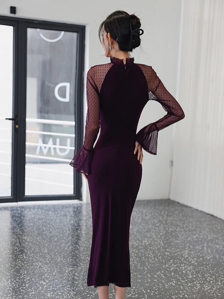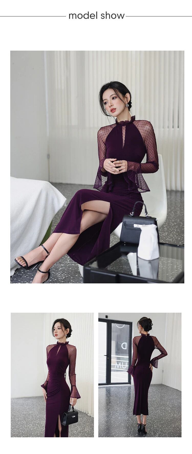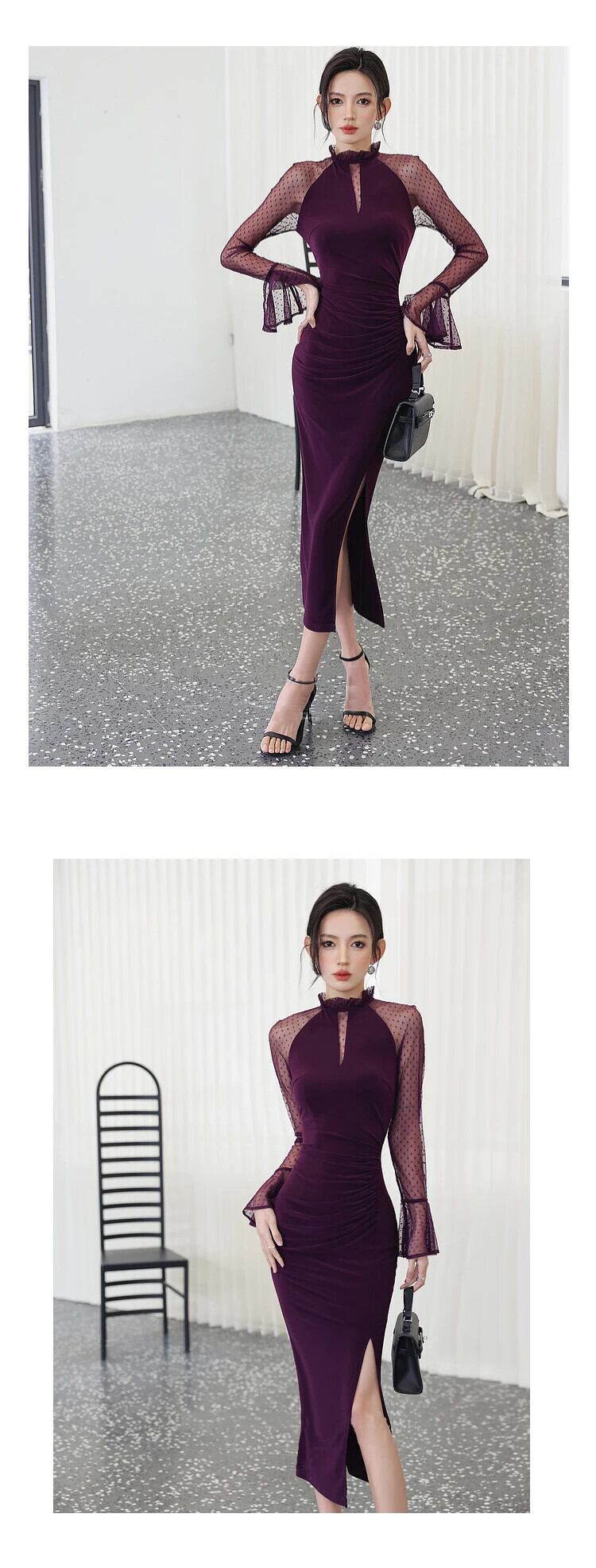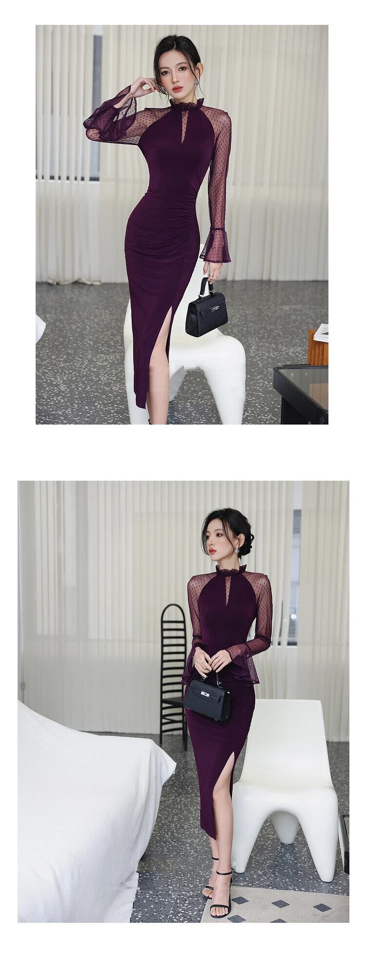スウィートパープルイブニングドレスレディセクシーフレアスリーブボディコンひだローブパーティー誕生日 Vestidos 大人ガーリー キュート カジュアル
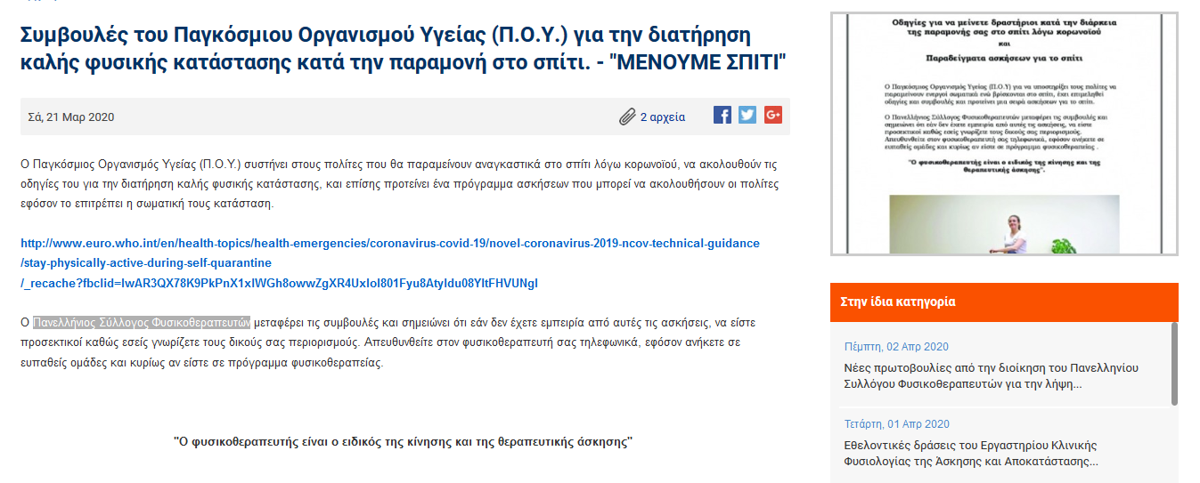 ΜΕΝΟΥΜΕ ΣΠΙΤΙ αλλά παραμένουμε δραστήριοι και βελτιώνουμε την φυσική μας κατάσταση με συμβουλές από τον Παγκόσμιο Οργανισμό Υγείας.
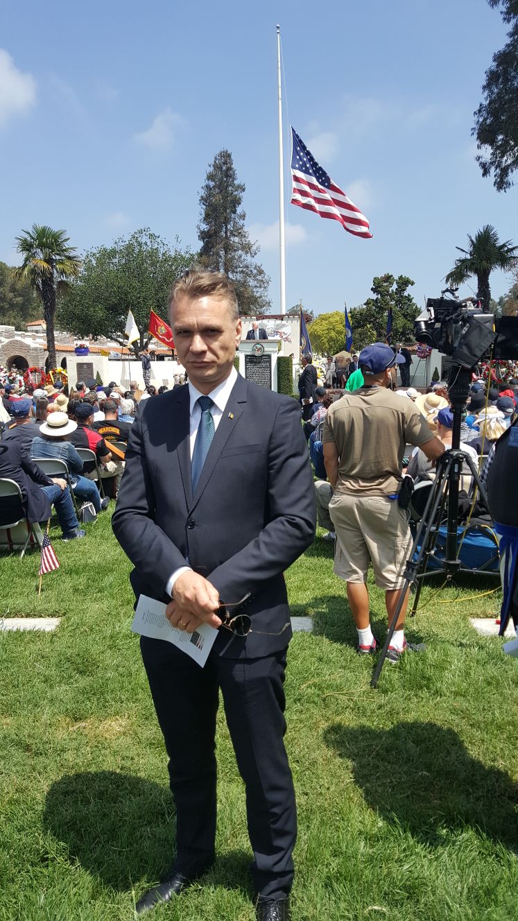Am împlinit, de curând, un an de când am început misiunea aici la Los Angeles. Pentru mine este o mare onoare să reprezint țara noastră pe coasta de vest a Americii, este o mare onoare să-mi reprezint țara oriunde în lume. Însă Misiunea de aici are o semnificație cu atât mai importantă pentru faptul că Statele Unite ale Americii sunt dintre cei mai importanți parteneri strategici ai României, iar din punct de vedere al apărării, cu siguranță, cel mai important. Cum bine știți, relațiile bilaterale dintre România și Statele Unite ale Americii se află la cel mai înalt nivel. Parteneriatul strategic a împlinit 20 de ani, la 11 iulie 2017, vor fi 21 de ani în curând, în care dimensiunea politico – strategică a ajuns la cel mai mare nivel posibil, optim, noi fiind interesați (atât noi cât și partenerii americani) să aducem la același nivel optim și dimensiunile cultural – academică și în special cea economică și comercială.
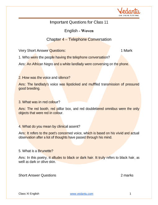 FAQs on Important Questions Class 11 English Woven Words Chapter 4 Poem
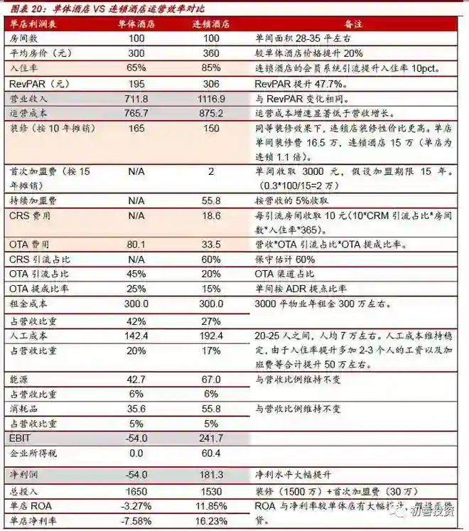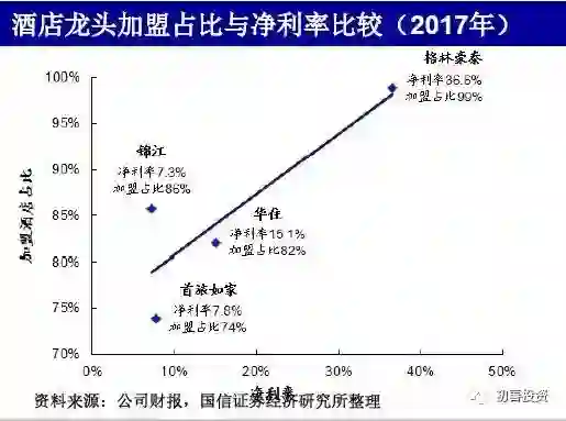 加盟比例越高,净利率越高。某券商测算:加盟收入=首次加盟费用+持续加盟费(加盟店流水的5-9%),加盟毛利率:70-75%,一般仅扣除店长工资,加盟净利率:估算40-50%;直营店盈利能力则方差极大,龙头营业利润率从持平到高峰时期20%-30%。如下图所示,格林豪泰加盟比例最高,净利率更是高达36.6%
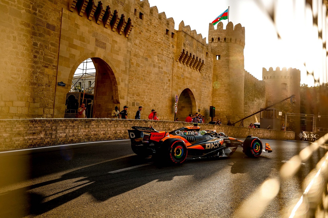 Tras un parón de 2 semanas, los autos de F1 regresaron al Circuito callejero de Bakú con clima nublado pero seco. Norris estableció un tiempo de 1:42.704s con neumáticos blandos, superando por 1 segundo a Verstappen y a su compañero de McLaren, Piastri. Mientras tanto, Hamilton rozó la pared en la curva 5 y regresó a boxes con daños en el alerón delantero.
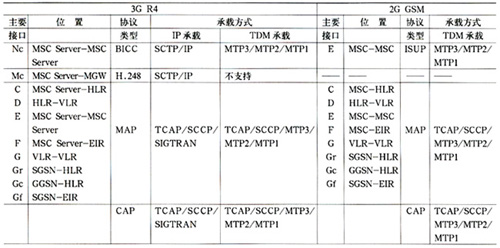 表1 R4核心網(wǎng)與GSM核心網(wǎng)信令接口、協(xié)議及承載方式對(duì)比
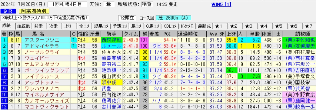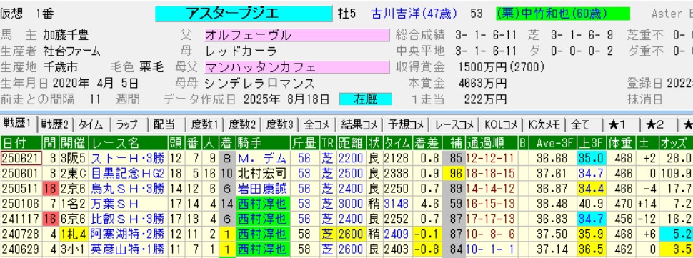 前走の札幌日経賞(OP)で自信を持って◎打った割に4着凡走。逃げたにもかかわらず、謙ちゃんがクソスローに落としすぎておかしな競馬をしていたっけ。ん?休み明けで息が入らなかったのなら一度使って前進もあるか。乗るのも松本君なら人気もなさそうだしなあ。
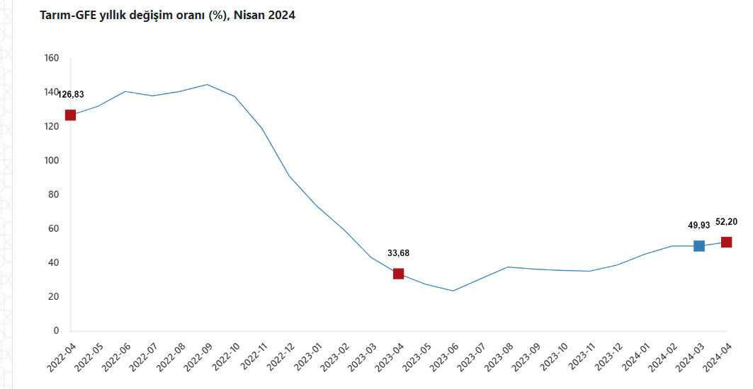 Bina bakım masrafları nisanda çiftçinin canını yaktı. Tarımsal girdi maliyetlerinde artış devam ediyor. Türkiye İstatistik Kurumu (TÜİK), Nisan 2024 dönemine ait Tarımsal Girdi Fiyat Endeksi’ni (Tarım-GFE) açıkladı. Tarım-GFE’de (2020=100), 2024 yılı nisan ayında bir önceki aya göre yüzde 1,72 artış, bir önceki yılın aralık ayına göre yüzde 14,61, bir önceki yılın aynı ayına göre yüzde 52,20 ve on iki aylık ortalamalara göre yüzde 39,08 artış gerçekleşti. Martta ise bu artış ay bazında yüzde 1,16, yıl bazında ise yüzde 49,93 oldu.
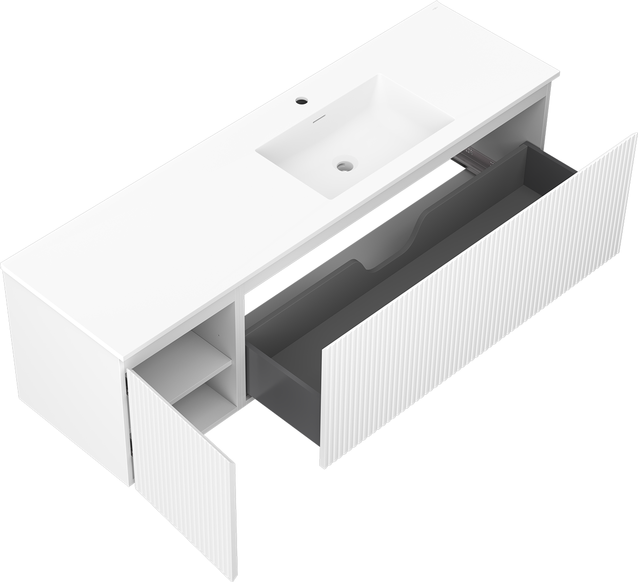 Mexen Rivel шкаф за баня 160 см с мивка Otis дясна, 1S, 1D, набразден, бял мат
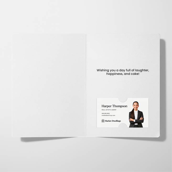 birthday greeting card for realtors, customizable realtor marketing tools, client birthday cards, festive business card greeting cards, professional birthday cards for real estate agents, real estate client outreach, birthday cards with peel-and-stick envelopes, business card slot greeting cards.
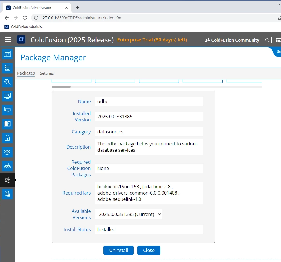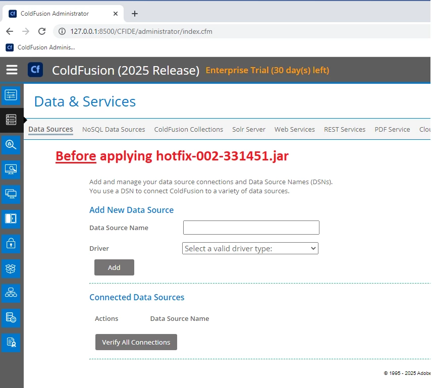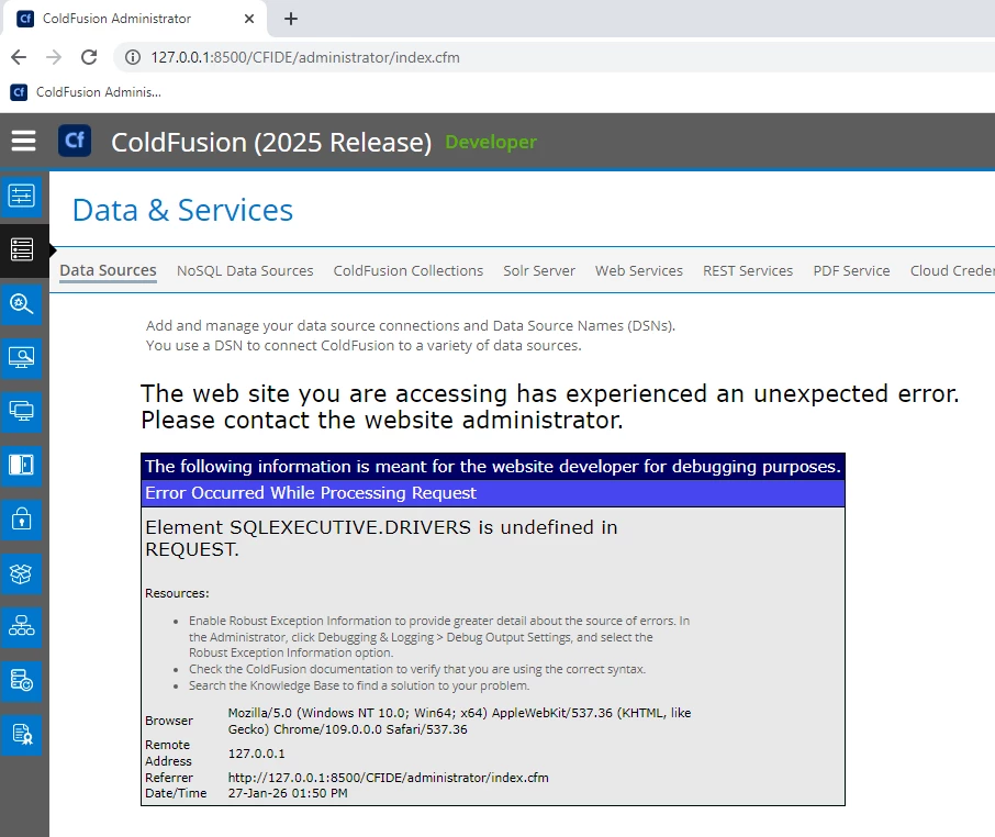 Element SQLEXECUTIVE.DRIVERS is undefined in REQUEST exception in Data Sources tab in Cold Fusion 2025
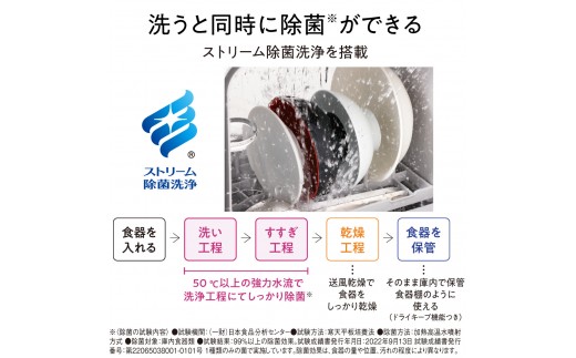 除菌効果は食器の量や位置・汚れの程度により異なります。

::::

→ **Problem to work on**:
Write out exactly the lines between the start of the data and the line with "ΜΕΝΟΥΜΕ ΣΠΙΤΙ αλλά", including both, but none of the pictures.

→ **Response to this exercise**:
スウィートパープルイブニングドレスレディセクシーフレアスリーブボディコンひだローブパーティー誕生日 Vestidos 大人ガーリー キュート カジュアル
 ΜΕΝΟΥΜΕ ΣΠΙΤΙ αλλά παραμένουμε δραστήριοι και βελτιώνουμε την φυσική μας κατάσταση με συμβουλές από τον Παγκόσμιο Οργανισμό Υγείας.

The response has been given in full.